I see we have brought together early pioneers as well as today’s heavy
hitters of the e-economy. A testament to the speed of this industry’s
evolution, many of the heavy hitters are also the pioneers.
Ten years ago, we spoke about the “Information Highway” as a bold new
transformative technology. Today, we don’t talk much about “information
highways.” According to Wired magazine, even the word Internet no longer
deserves to be capitalized. The Internet is just another generic class of
infrastructure — like telephones, roads or electricity.
Loss of that capital “I” and the fact that “Internet” is now a
household word is a great credit to many of you and to how far you have
brought us along in a few short years.
I am early in my mandate as Minister of Industry and still haven’t
reached the inflection point on my learning curve. I have been assessing
the broader economic context we face as a country, and I’m trying to
identify and anticipate trends, threats, opportunities and weaknesses. And
I’m trying to define the role that Industry Canada should play in shaping
the future.
It is clear that the Government of Canada has done a lot of things
right over the past few years. The books are balanced. Our debt burden is
declining. Consumer and business confidence are in good shape. And we are
seeing consistently strong macroeconomic performance.
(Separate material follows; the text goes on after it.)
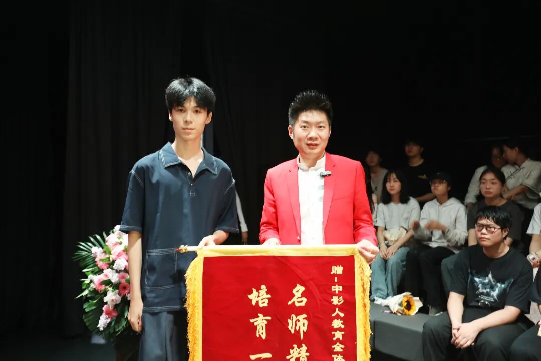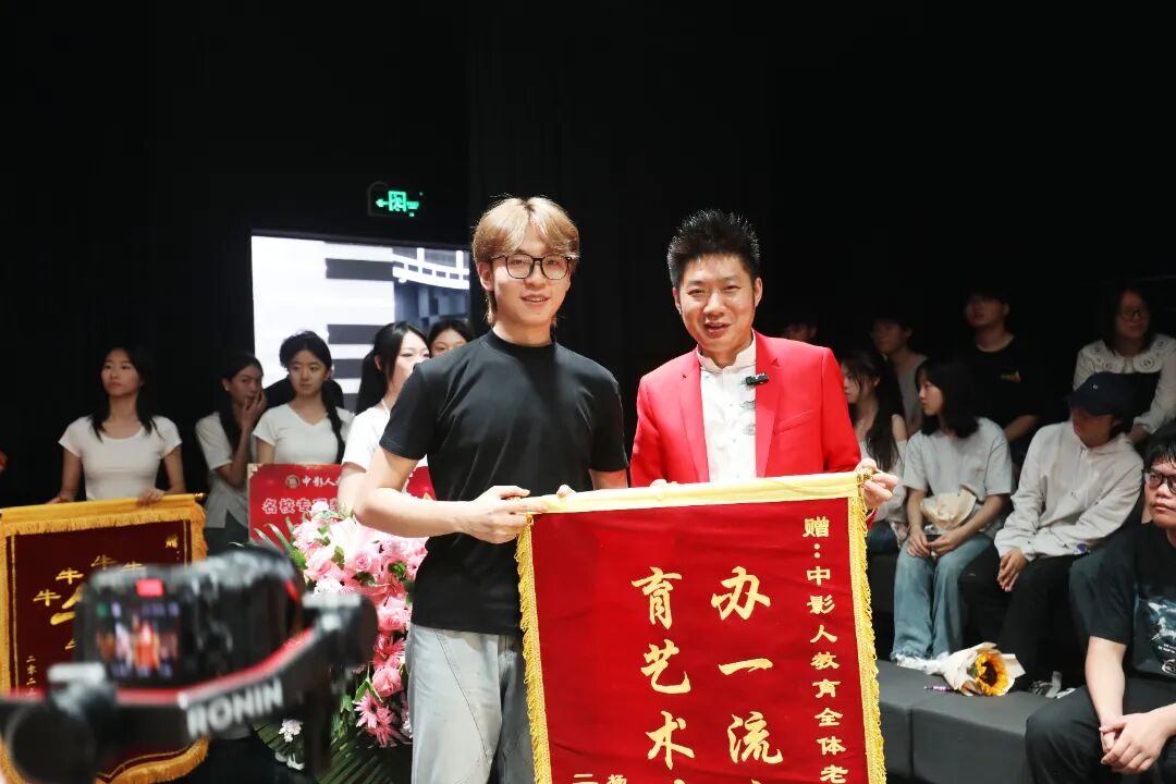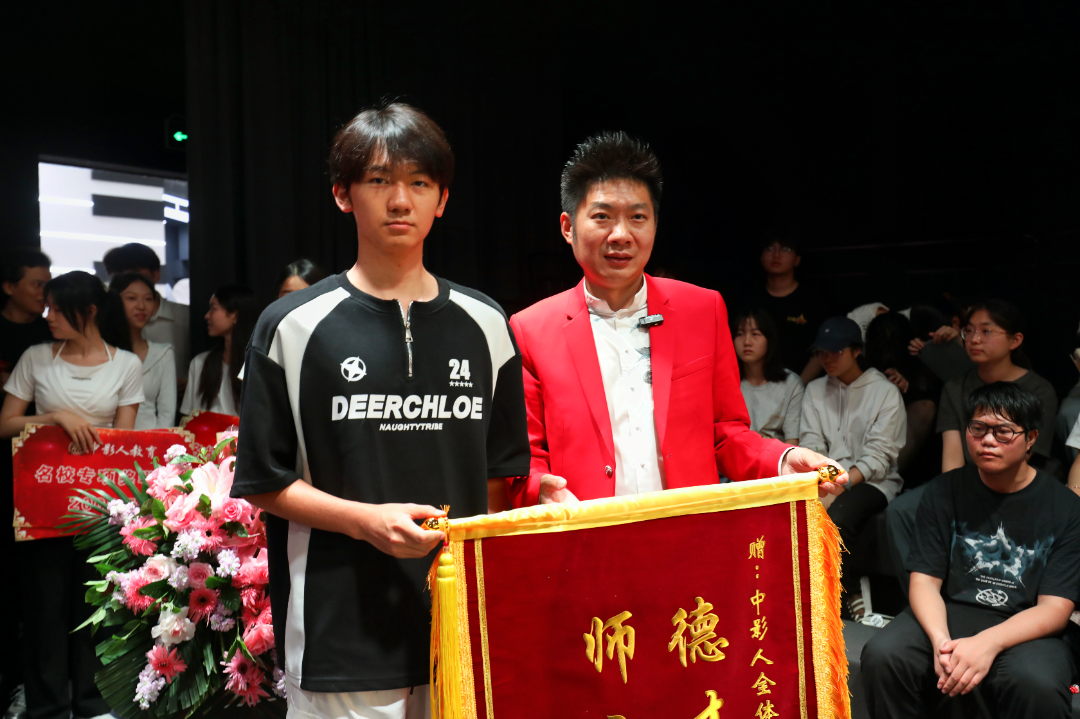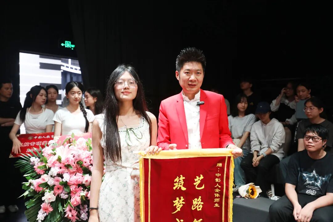 在开学典礼的现场,优秀毕业生代表纷纷献上锦旗来表达对中影人教育、老师们的深深感谢。

Because of our fiscal accomplishments, we have been able to inject new
funds and new life into our health care system — witness the agreement
struck with the provinces earlier this month. We still have work to do,
but we have passed another watershed, and I believe we will see a decade
of innovation and improved health care outcomes as a result.
Looking forward, we’re expecting the economy to do some heavy lifting,
and we have to be sure it remains strong enough to withstand the
inevitable stresses.
In my scan, I see Canada as a relatively small, highly trade-dependent
economy, bobbing along in a turbulent sea of global change — change over
which we have little control. We are, by far, the most trade-dependent
country in the G-7. And since NAFTA, we are
overwhelmingly tied to the U.S. economy.
While our strongest economic ties are within North America, we are also
doing business around the world and are very much part of the globalizing
process that has fundamentally altered our economy and the way we live.
Globalization is leading to corporate consolidations. It’s leading to
global supply chains. And it’s creating new pressures on our global
markets and trade arrangements.
A unified Europe is showing its strength. New technologies and
economies of scale are transforming traditional manufacturing in an Asia
that is becoming a dominant trading area in its own right. Children born
today will graduate into a world where China, not the United States, is
likely to be the largest economy. And information technology is
transforming India much the way it did Singapore over recent decades.
Because of information and communications technologies, the role of
international borders in this globalized economy has changed.
Innovations in transportation and ICT opened the
world. Borders have become less relevant for digital content transactions.
Cyberspace has no border patrols. And knowledge-based products, such as
software, games and music, cross borders with relative ease.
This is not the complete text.